# Data entries
# # # # # # #
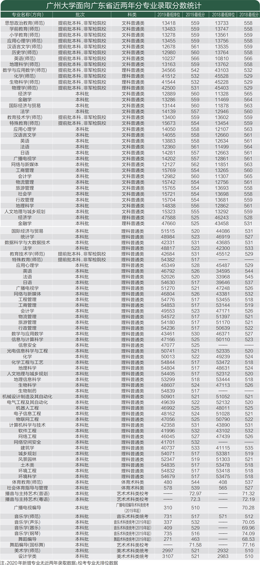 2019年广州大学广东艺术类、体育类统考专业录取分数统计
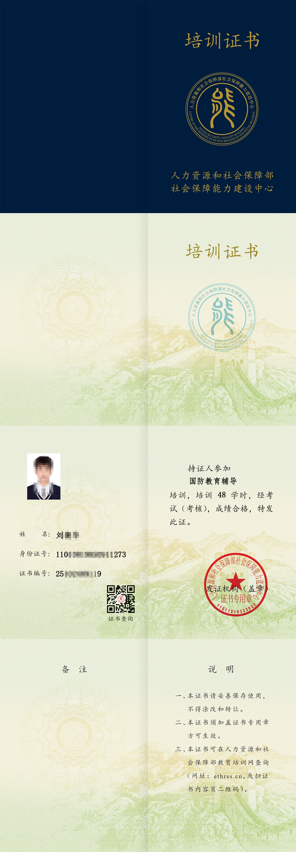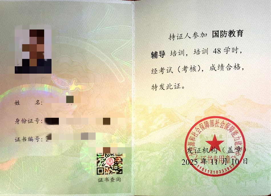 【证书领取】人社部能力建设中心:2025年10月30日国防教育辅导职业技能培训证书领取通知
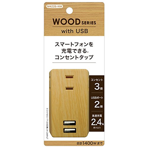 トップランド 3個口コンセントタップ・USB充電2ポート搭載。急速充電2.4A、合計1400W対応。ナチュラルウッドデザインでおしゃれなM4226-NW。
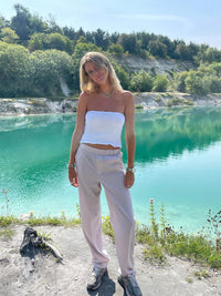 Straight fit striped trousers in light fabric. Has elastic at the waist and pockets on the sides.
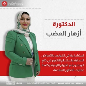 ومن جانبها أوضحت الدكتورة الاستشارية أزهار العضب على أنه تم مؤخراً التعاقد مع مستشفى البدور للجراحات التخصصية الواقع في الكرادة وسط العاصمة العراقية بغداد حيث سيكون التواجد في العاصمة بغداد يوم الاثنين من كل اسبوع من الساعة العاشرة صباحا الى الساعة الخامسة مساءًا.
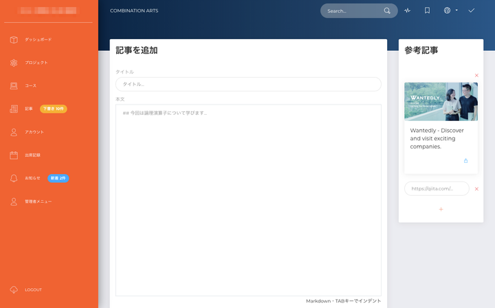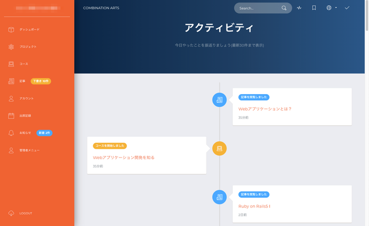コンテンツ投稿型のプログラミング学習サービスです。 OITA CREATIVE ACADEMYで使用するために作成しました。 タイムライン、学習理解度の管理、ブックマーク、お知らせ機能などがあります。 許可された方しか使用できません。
# # # # # # #
# Exercise goal
Retype the records above exactly, pictures omitted.

# Exercise response
 2019年广州大学广东艺术类、体育类统考专业录取分数统计
 【证书领取】人社部能力建设中心:2025年10月30日国防教育辅导职业技能培训证书领取通知
 トップランド 3個口コンセントタップ・USB充電2ポート搭載。急速充電2.4A、合計1400W対応。ナチュラルウッドデザインでおしゃれなM4226-NW。
 Straight fit striped trousers in light fabric. Has elastic at the waist and pockets on the sides.
 ومن جانبها أوضحت الدكتورة الاستشارية أزهار العضب على أنه تم مؤخراً التعاقد مع مستشفى البدور للجراحات التخصصية الواقع في الكرادة وسط العاصمة العراقية بغداد حيث سيكون التواجد في العاصمة بغداد يوم الاثنين من كل اسبوع من الساعة العاشرة صباحا الى الساعة الخامسة مساءًا.
コンテンツ投稿型のプログラミング学習サービスです。 OITA CREATIVE ACADEMYで使用するために作成しました。 タイムライン、学習理解度の管理、ブックマーク、お知らせ機能などがあります。 許可された方しか使用できません。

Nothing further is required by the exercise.